ぺいんとぼーる!
それからは早かった。
「一体どうしたんだ!」
悲鳴を聞きつけた男が駆けつけ、俺のことを見て目を丸くする。
「て、店長、ヘンタイの泥棒ですっ!」
「……まさかドルシスさんの店に素っ裸の泥棒が入るなんていい度胸してるじゃねえか」
素っ裸の泥棒とは不名誉この上ない。
「ち、違うんです! 気が付いたら素っ裸でこの場所にいて……」
この状況では弁解の余地が無いことを頭では分かりつつも必死に説明を試みる。
「夜中のシフトに入っていたらボケたおっさんが来て、その後車が突っ込んできて気が付いたらここにいて――」
「言い訳は結構。素っ裸の泥棒には問答無用で拘束させてもらうぞ」
男は袖下から赤い色をした野球ボールほどの球体を取り出した。
「ドルシスさんに命乞いでもしておくんだな」
球体がオレに向かって投げつけれる。逃げようと思う暇もなく、球体は真っ直ぐ飛んできて腹部に直撃した。
「うごぉっ!」
胃液が飛び出るほどの強い衝撃。学生の時、1つ上の先輩に殴られた記憶が脳裏に蘇る。
だが、痛みはそれだけでは終わらなかった。直撃したボールは青白い光を放って紐状に変化し、オレの身体を拘束した。細い糸が肉体に食い込み、鋭い痛みをもたらす。これで身動きは一切取れなくなってしまった。
「な、なにすんだッ!!!」
「コイツはマジック防犯アイテム(名称変更有)の拘束ボーッる。本来は万引きして逃走したヤツに当てるものなんだけどな。ちなみに――」
「おい、なんだよコレ! 解け!」
どうにか外れないかと必死になってもがいてみるがむしろキツくなっていくようだ。
「暴れると、雷魔法が発動して気絶するぞ」
「あああああああああああああああああああ!!!!」
*
こうして、再び気を失い、次に目覚めたのは牢獄だった。
錆び付いた鉄格子。空き缶ぐらいしかない外に繋がる小さな窓。湿った空気と時々聞こえる狂気に満ちた叫び声。手足には鎖の付いた足枷。

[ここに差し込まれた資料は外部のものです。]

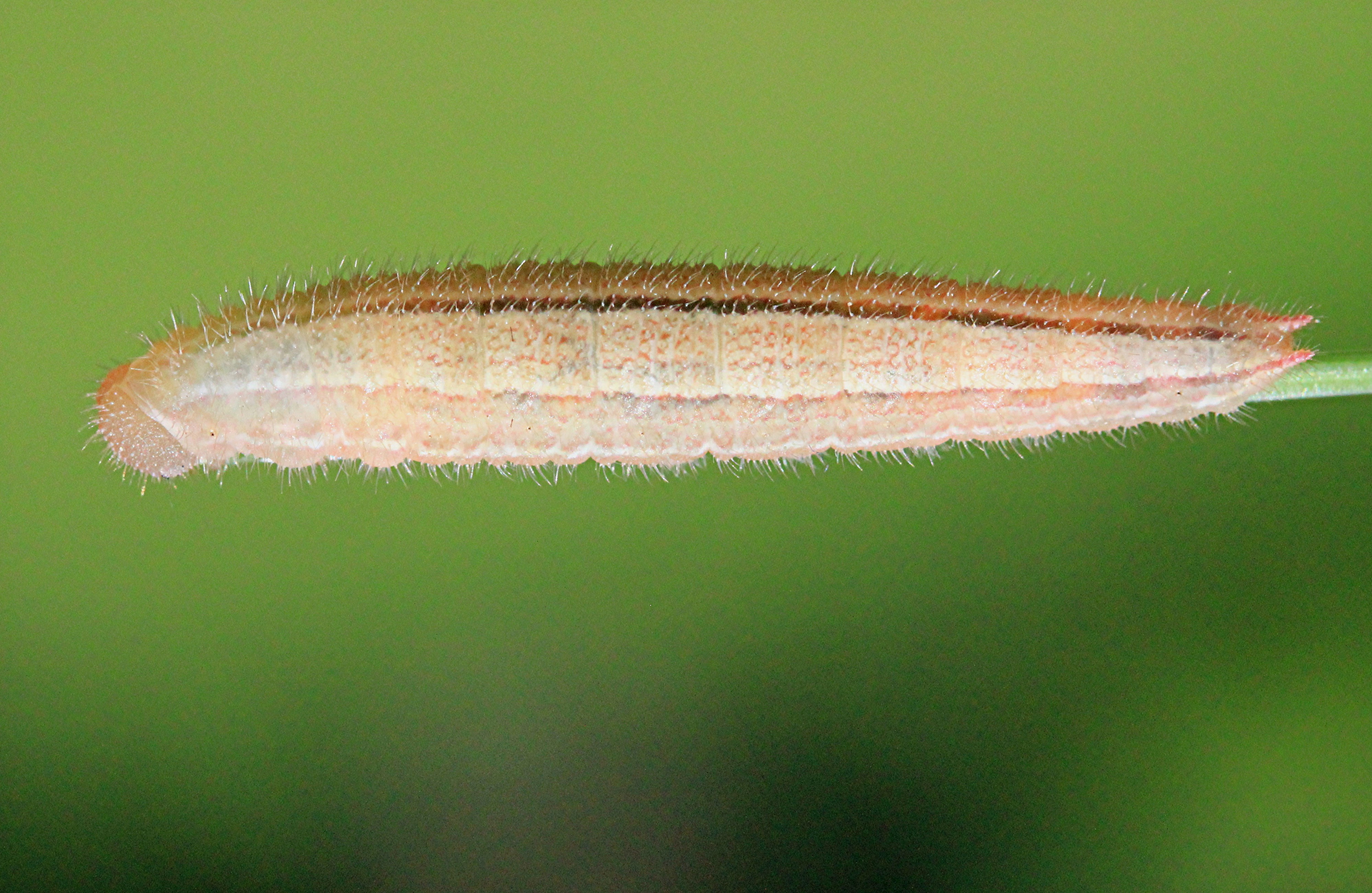 Flügelunterseiten mit gleichem Muster, das Schwarz aber deutlich schwächer ausgeprägt; Vorderflügel vor der Spitze mit einem kleinen Augenfleck; Hinterflügel vor dem Hinterrand mit einer Reihe Augenflecke.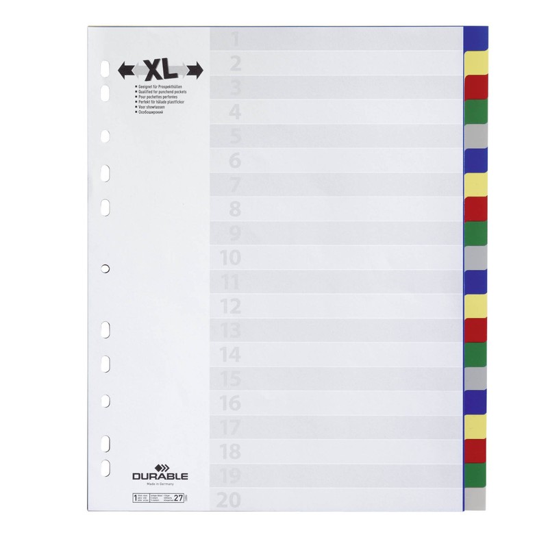 Durable 675927 Index Plastic with Coloured Tabs Extra-Wide Pack of 20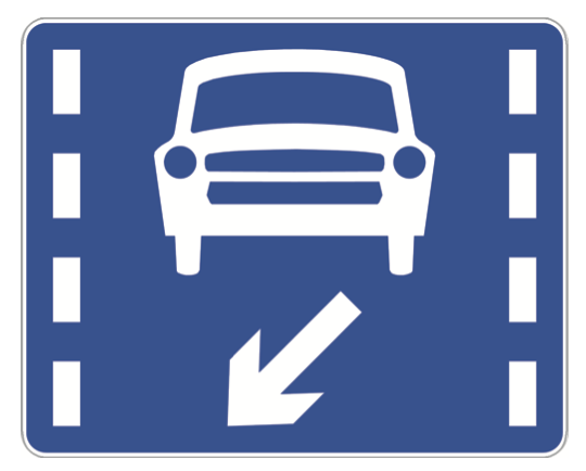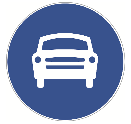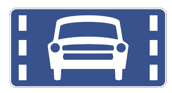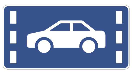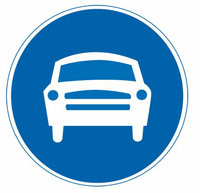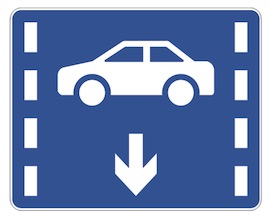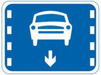 表示该车道仅供机动车通行,机动车车道标志设置在车道正上方时 ,向下的箭头可以省略,在标志无法正对车道时可调整箭头方向指向车道。

一体どうしてこんなことになってしまったんだ。自由の効かない手足を見つめながら狼狽する。
「おい、そこの露出魔」
鉄格子を叩かれて呼ばれる。なんて酷い名前だ。事実だったけれどもさ。
「面会だ」
看守は随分と不服そうな顔をしている。
面会者? こんな見知らぬ地で誰がオレに会いに来てくれたのか。
「よう、調子はどうだ?」
看守の後ろからヌルっと現れたのはオレを拘束した張本人であるあの男だった。
「どうしてアンタが?」
「ま、詳しい話はオマエを呼んでいるあの方から直接聞くんだな」
看守は鉄格子の扉を開き、脚枷だけを外した。顎で出ろと指示されたので立ち上がって牢屋の外に出る。
おいおい早いお迎えだな!
俺のことも一緒に連れていけ!
金か! 金で出たのかよ!
牢獄に住まう者たちから旅立ちのエールを貰いつつ、一行は長い通路を進んでいく。
比較的新しい鉄格子の扉を抜けると、円柱状のこれまた長い階段を上っていく。
しばらくすると、階段の終わりに煌びやかな金属で飾られた豪華絢爛の大きな扉が現れた。
「ここは?」
「拷問部屋」
「なっ!」
「まぁ、数百年前の話だけどな」
ガハハハと男は笑う。そう言った心臓に悪い冗談は止めて頂きたい。
「いまは応接室のような形で使われている。この中でミーシェ様がお待ちだ」
「ミーシェ様? 何者ですか?」
「オマエ、ミーシェ様を知らないのかよ! どうやってこれまで生きて来たんだ!」
そんなこと言われても知らないものは知らないしな。
「とにかく、中でミーシェ様がお待ちだ」
男は扉を4回ノックした。
「ミーシェ様、例の男を連れてきました」
『……入れ』
扉の奥から女性の声が帰って来た。それを合図に扉が勝手に動いてオレを招き入れた。